Mercedes de Acosta: playwright and novelist who also wrote of her Hollywood affairs with Greta Garbo and Marlene Dietrich

She was never afraid to flaunt her sexual proclivities

  • Unreality

  • Through the window-pane I see your face,
  • Its outline a little vague
  • In the dimness of the shadow.
  • But the whiteness of your skin
  • Is like a clean ship’s sail,  
  • Standing out in the darkness of a night.
  • And your eyes, I see them like two golden bowls,
  • With the rays of a thousand moonbeams sweeping over them.
  • As I pass out into the blackness,
  • I wonder if I have ever really known you—  
  • Or if you exist at all,
  • And are not but a twisted, fevered, silver creation of my brain.
  • And the unreality of you comes over me,
  • Like a mist upon a lonely sea. 
  • To Vouletti

  • There is not a leaf grown,
  • Not a breeze that’s blown,
  • Not a sweet fragrant tree,
  • That is not you to me.
  • In the sunlight I feel your smile,  
  • In the moonlight, the whole long while,
  • I feel the pressure of your hand,
  • And feeling this I understand.
  • I understand all sacred things,
  • The depths of life, the secret wings  
  • That carry beyond the dreary way,
  • Turning dark to light, and night to day.
  • All things fine, and straight, and true,
  • I know better because of you;
  • While your sweetness is like a warm fresh shower,  
  • And your face and soul like a sun-kissed flower.
  • Soiled Hands

  • After everyone had left,
  • It was always so wonderful sitting in the dark theatre with you.
  • There was a mystery about it,
  • As though the echo of many plays
  • Still lingered in the folds of the curtain,
  • While phantom figures crouched low in the chairs,
  • Beating applause with vapor hands.
  • Do you remember how we always sat silently?
  • I would shut my eyes to feel your closeness nearer.
  • Then slowly and like a ritual
  • I would take your hand,
  • And you would laugh a little and say,
  • “My hands are awfully sticky”—or
  • “I can’t seem to keep my hands clean in this theatre.”
  • As if that mattered … as if that mattered …
Mercedes de Acosta

Mercedes de Acosta (1893-1968) was an American poet, playwright and novelist, perhaps more famous for who she slept with than for what she wrote.

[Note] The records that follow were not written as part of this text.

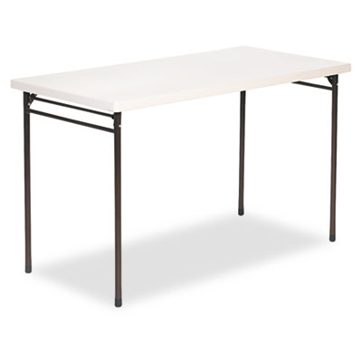 Designed for light-duty indoor/outdoor use. Holds 1,500-lbs. evenly distributed. 2" molded ABS top. Folds flat for compact storage. Off-white with bronze legs. Top Color: Off-White/Bronze; Top Shape: Rectangular.
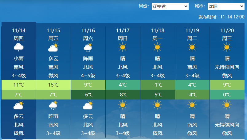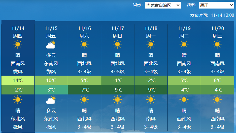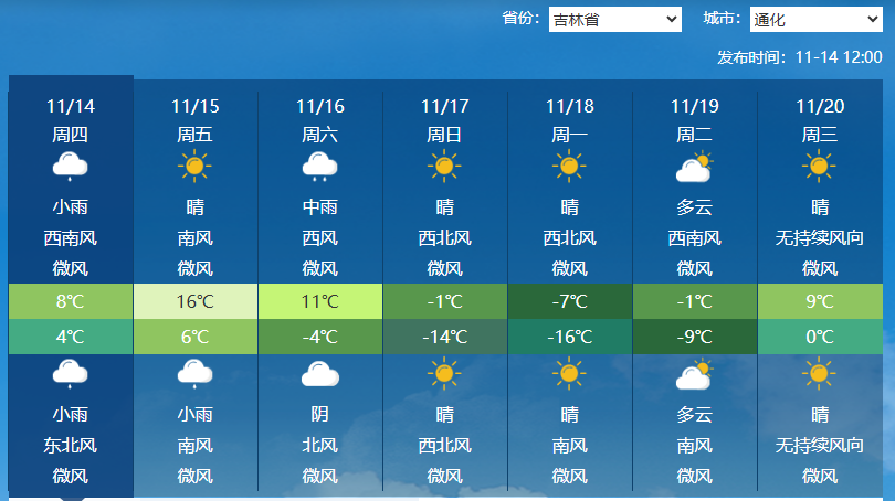 去看了下未来的气温预报,在内蒙古通辽、吉林通化、辽宁沈阳,温暖和寒冷真的是快速切换,朋友们记得及时增添衣物!
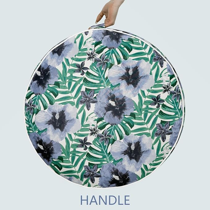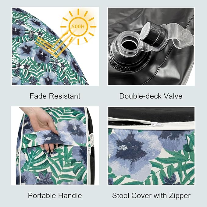 LVTXIII Indoor/Outdoor Inflatable Ottoman, D31 x H14 Inch Large Round Ottoman, All Weather Foot Rest Stool, Portable Footrest for Patio, Garden, Camping and Home - Blue Salmone Tropical
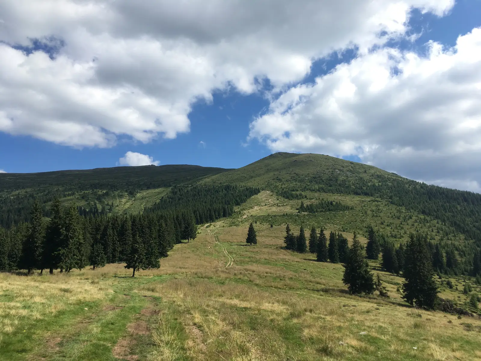 Noi cotim la dreapta și urcăm destul de aprig, prin jnepeniș până pe Vf. Cindrel, marcat cu troițe, cel mai înalt din masiv, deasupra fermecătorului lac glaciar Iezerul Mare, aflat într-o superbă căldare sub vârf, supranumit „marea de smarald”, datorită culorii.
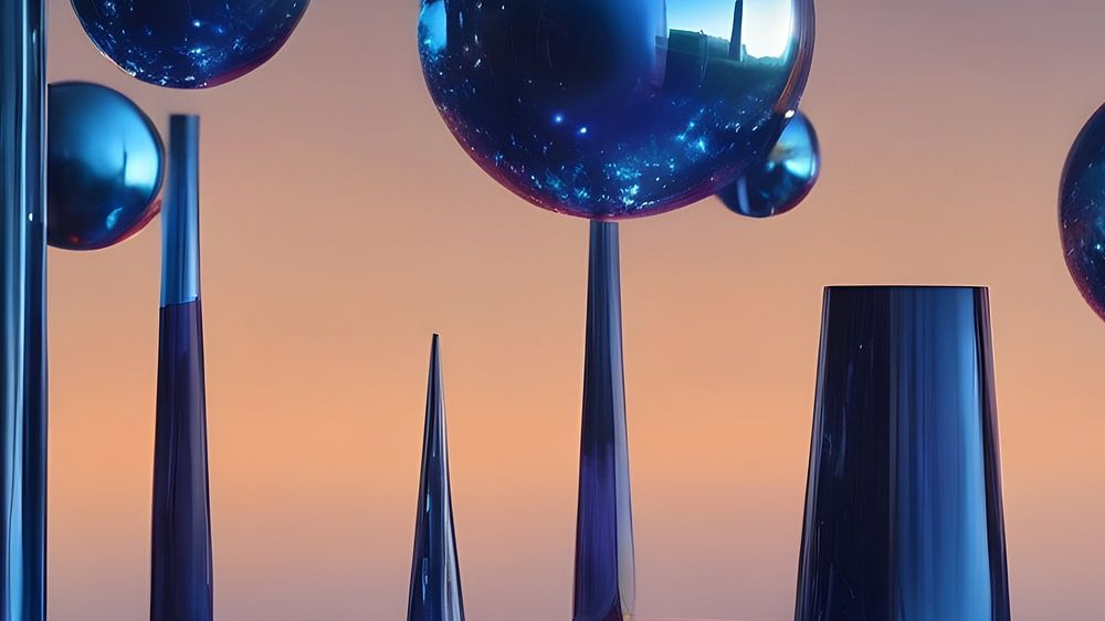Dieses Kunstwerk ist eine moderne Ode an die Schönheit der geometrischen Abstraktion. Glänzende kugelförmige Objekte und stromlinienförmige Säulen bilden eine futuristische Landschaft vor einem warmen, leuchtenden Horizont. Die spiegelnden Oberflächen und die präzise Platzierung der Objekte ergeben eine Komposition, die für die minimalistische Kunst charakteristisch ist, während die digitale Wiedergabe und die Verwendung von Licht und Schatten eine zeitgenössische Wendung hinzufügen, die zur Bewegung der Digitalen Kunst passt. Dieses Werk wäre ein Prunkstück in einem modernen Wohn- oder Büroraum, ideal für Sammler, die von der Verschmelzung von Technologie und Kunst fasziniert sind.
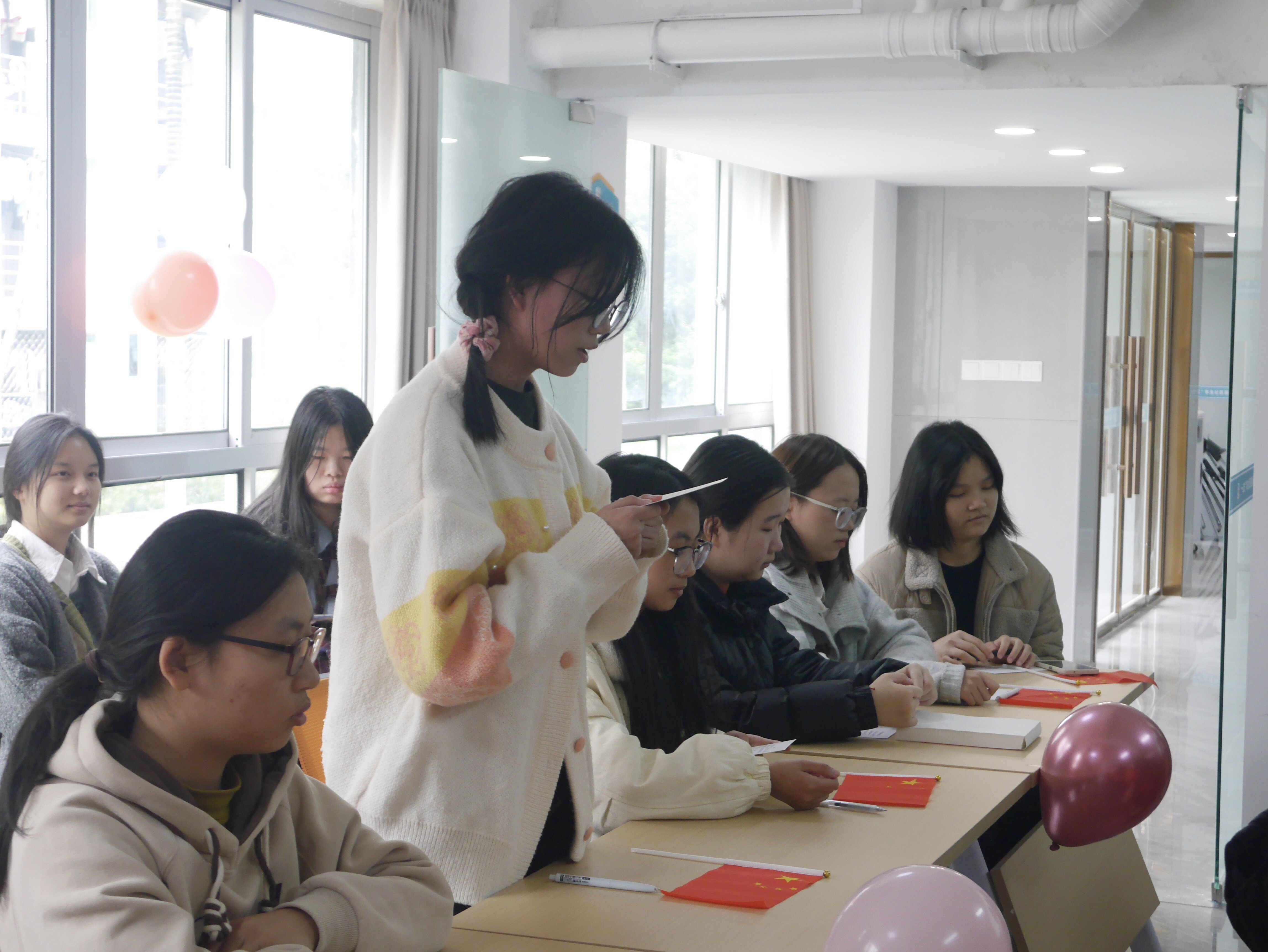 兼职辅导员、应用心理学专业研究生彭雯琪同学分享学习经验。她结合近期同学们的学习情况以及期末考试准备情况等开展心理健康教育,分享她关于大学学习中常见的困扰与调试的经验,强调认真备考、诚信考试的重要性。

Her output includes a dozen plays (only four of which were produced), a novel, and three books of poems. But if her work has fallen into obscurity, she remains a bright light in the tawdry affairs of Broadway and Hollywood actresses. Never afraid to flaunt her sexual proclivities as a time when such daring was nearly unheard of, de Acosta wrote in detail about her affairs later in life, including her two most famous Hollywood conquests, Greta Garbo and Marlene Dietrich.